Data extracted from a collection:

_____

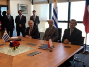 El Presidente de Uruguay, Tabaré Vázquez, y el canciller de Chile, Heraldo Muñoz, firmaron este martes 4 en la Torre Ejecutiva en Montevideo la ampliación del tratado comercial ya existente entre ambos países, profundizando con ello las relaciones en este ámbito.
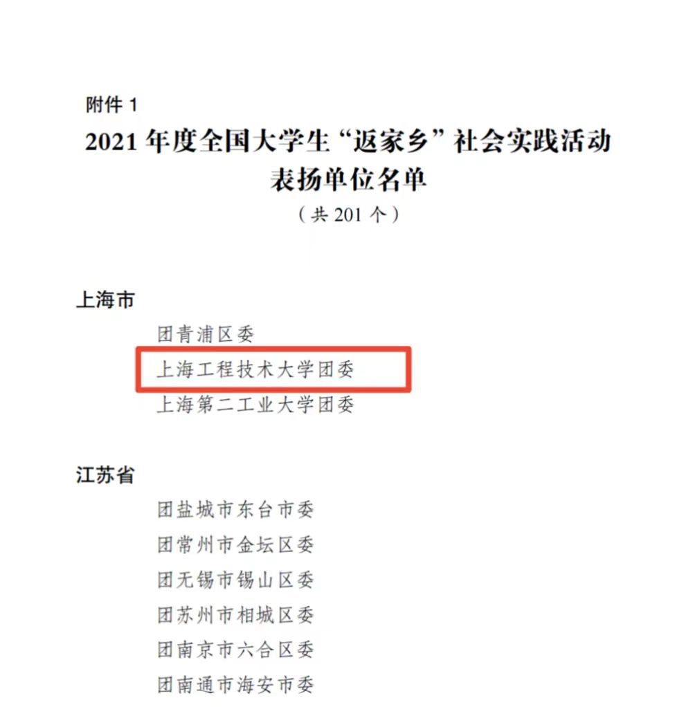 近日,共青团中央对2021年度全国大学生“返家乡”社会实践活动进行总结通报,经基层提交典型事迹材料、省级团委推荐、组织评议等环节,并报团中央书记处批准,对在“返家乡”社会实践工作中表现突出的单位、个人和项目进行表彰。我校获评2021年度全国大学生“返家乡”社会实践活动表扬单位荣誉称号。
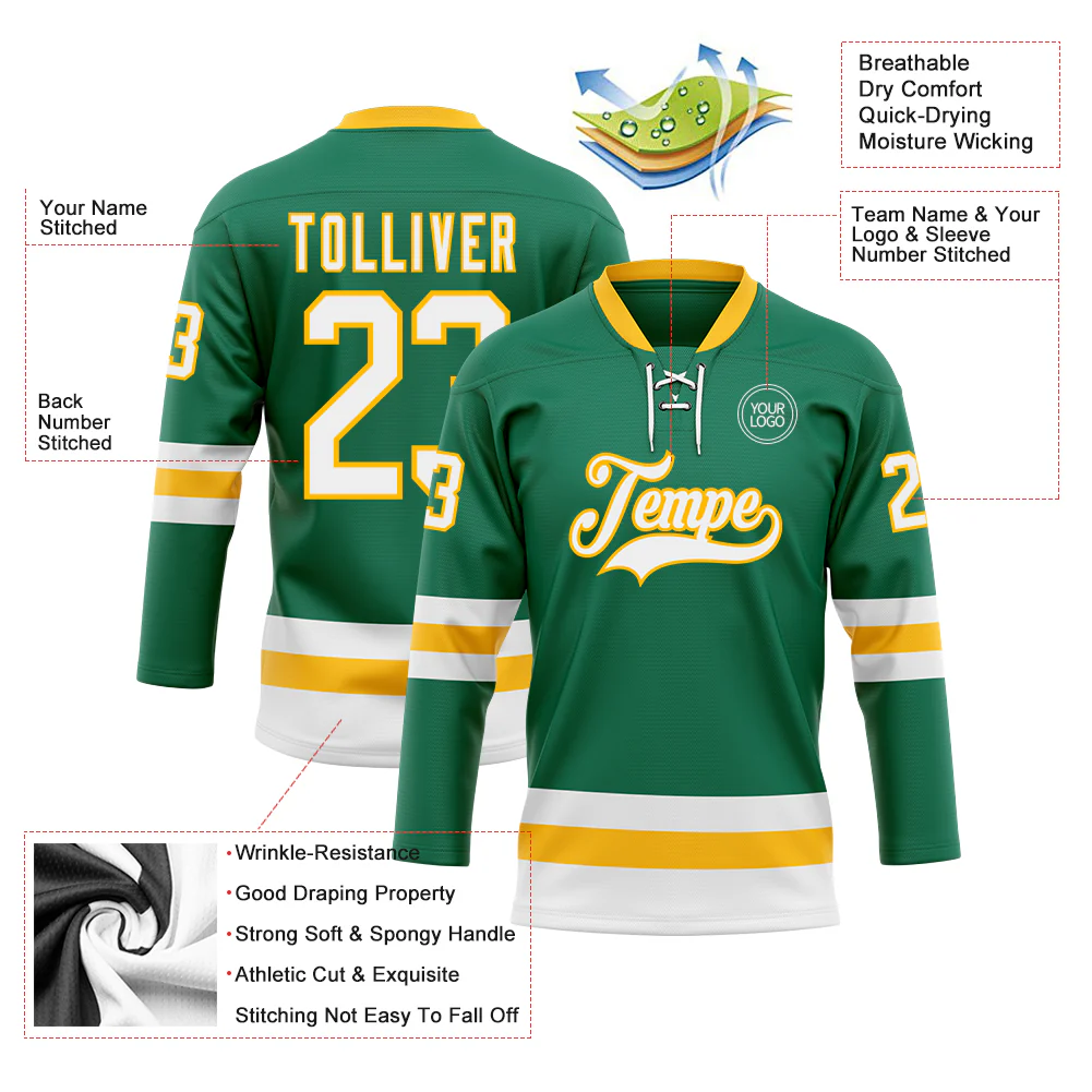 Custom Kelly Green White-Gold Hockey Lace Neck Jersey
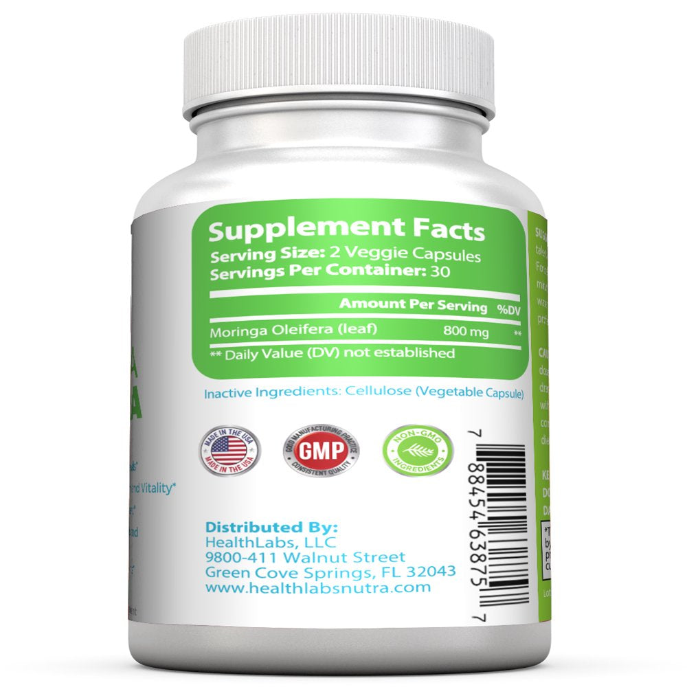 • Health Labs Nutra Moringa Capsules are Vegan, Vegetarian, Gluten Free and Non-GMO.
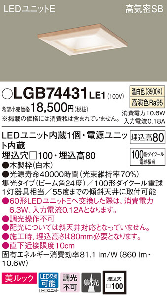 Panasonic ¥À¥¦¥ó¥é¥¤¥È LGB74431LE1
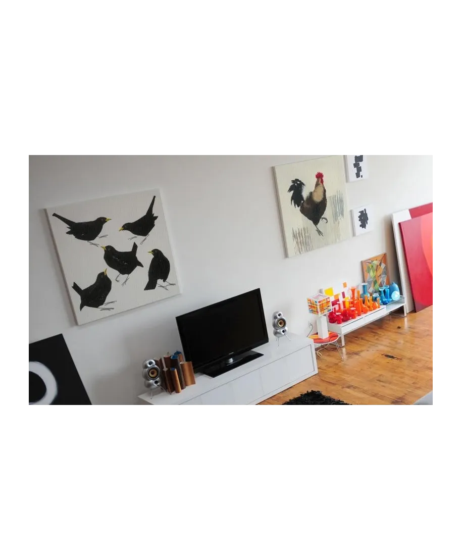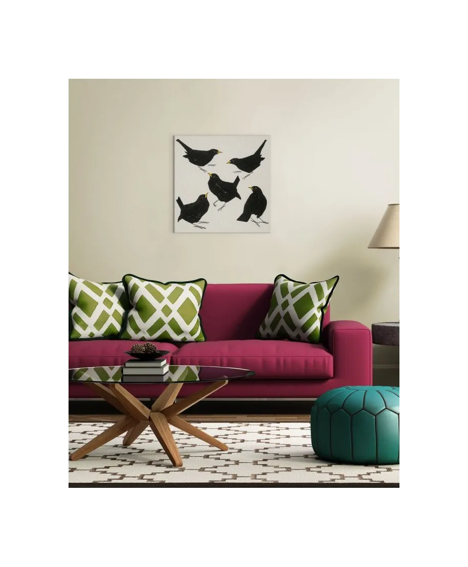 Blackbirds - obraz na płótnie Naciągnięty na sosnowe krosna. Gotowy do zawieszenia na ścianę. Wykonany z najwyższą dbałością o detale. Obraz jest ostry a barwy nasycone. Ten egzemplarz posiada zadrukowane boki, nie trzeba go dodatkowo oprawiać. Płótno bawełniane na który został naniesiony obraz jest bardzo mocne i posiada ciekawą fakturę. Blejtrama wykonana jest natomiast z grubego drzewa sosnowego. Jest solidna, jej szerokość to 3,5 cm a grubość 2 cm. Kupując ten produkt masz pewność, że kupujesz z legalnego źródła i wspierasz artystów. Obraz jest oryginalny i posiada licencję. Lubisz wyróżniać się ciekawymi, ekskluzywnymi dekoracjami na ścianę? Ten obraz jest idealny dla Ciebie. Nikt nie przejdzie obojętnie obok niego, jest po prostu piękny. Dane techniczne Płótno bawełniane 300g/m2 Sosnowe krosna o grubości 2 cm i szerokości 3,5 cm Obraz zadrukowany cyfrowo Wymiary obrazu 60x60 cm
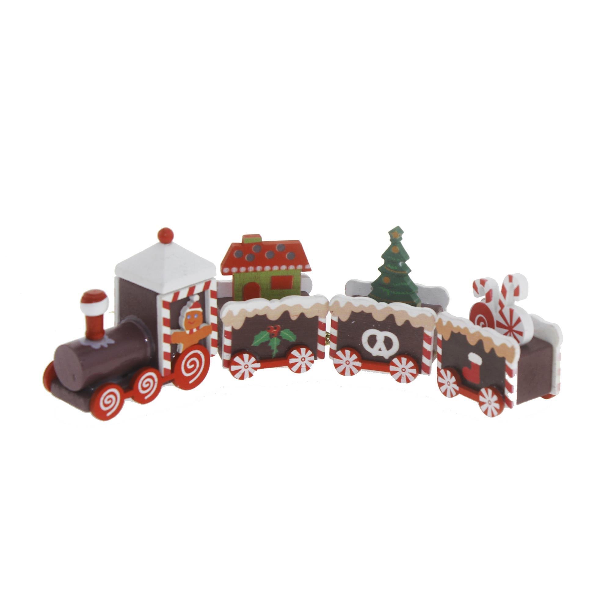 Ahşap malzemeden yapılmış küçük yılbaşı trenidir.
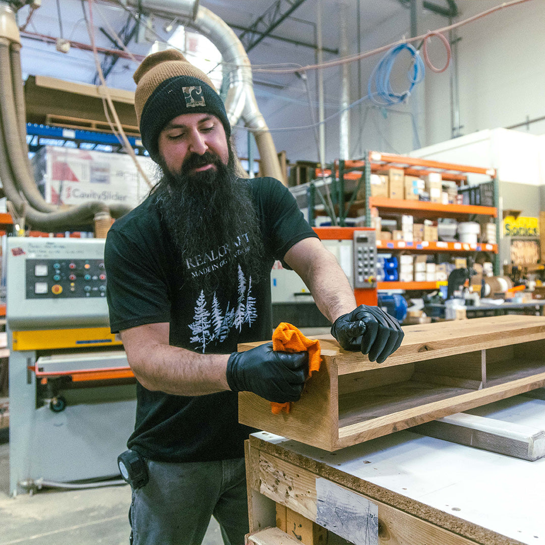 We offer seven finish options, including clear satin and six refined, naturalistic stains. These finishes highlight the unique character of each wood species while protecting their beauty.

_____

WHAT TO DO
From the first line to the last, retype the data exactly, but omit every image.

ANSWER
 El Presidente de Uruguay, Tabaré Vázquez, y el canciller de Chile, Heraldo Muñoz, firmaron este martes 4 en la Torre Ejecutiva en Montevideo la ampliación del tratado comercial ya existente entre ambos países, profundizando con ello las relaciones en este ámbito.
 近日,共青团中央对2021年度全国大学生“返家乡”社会实践活动进行总结通报,经基层提交典型事迹材料、省级团委推荐、组织评议等环节,并报团中央书记处批准,对在“返家乡”社会实践工作中表现突出的单位、个人和项目进行表彰。我校获评2021年度全国大学生“返家乡”社会实践活动表扬单位荣誉称号。
 Custom Kelly Green White-Gold Hockey Lace Neck Jersey
 • Health Labs Nutra Moringa Capsules are Vegan, Vegetarian, Gluten Free and Non-GMO.
 Panasonic ¥À¥¦¥ó¥é¥¤¥È LGB74431LE1
 Blackbirds - obraz na płótnie Naciągnięty na sosnowe krosna. Gotowy do zawieszenia na ścianę. Wykonany z najwyższą dbałością o detale. Obraz jest ostry a barwy nasycone. Ten egzemplarz posiada zadrukowane boki, nie trzeba go dodatkowo oprawiać. Płótno bawełniane na który został naniesiony obraz jest bardzo mocne i posiada ciekawą fakturę. Blejtrama wykonana jest natomiast z grubego drzewa sosnowego. Jest solidna, jej szerokość to 3,5 cm a grubość 2 cm. Kupując ten produkt masz pewność, że kupujesz z legalnego źródła i wspierasz artystów. Obraz jest oryginalny i posiada licencję. Lubisz wyróżniać się ciekawymi, ekskluzywnymi dekoracjami na ścianę? Ten obraz jest idealny dla Ciebie. Nikt nie przejdzie obojętnie obok niego, jest po prostu piękny. Dane techniczne Płótno bawełniane 300g/m2 Sosnowe krosna o grubości 2 cm i szerokości 3,5 cm Obraz zadrukowany cyfrowo Wymiary obrazu 60x60 cm
 Ahşap malzemeden yapılmış küçük yılbaşı trenidir.
 We offer seven finish options, including clear satin and six refined, naturalistic stains. These finishes highlight the unique character of each wood species while protecting their beauty.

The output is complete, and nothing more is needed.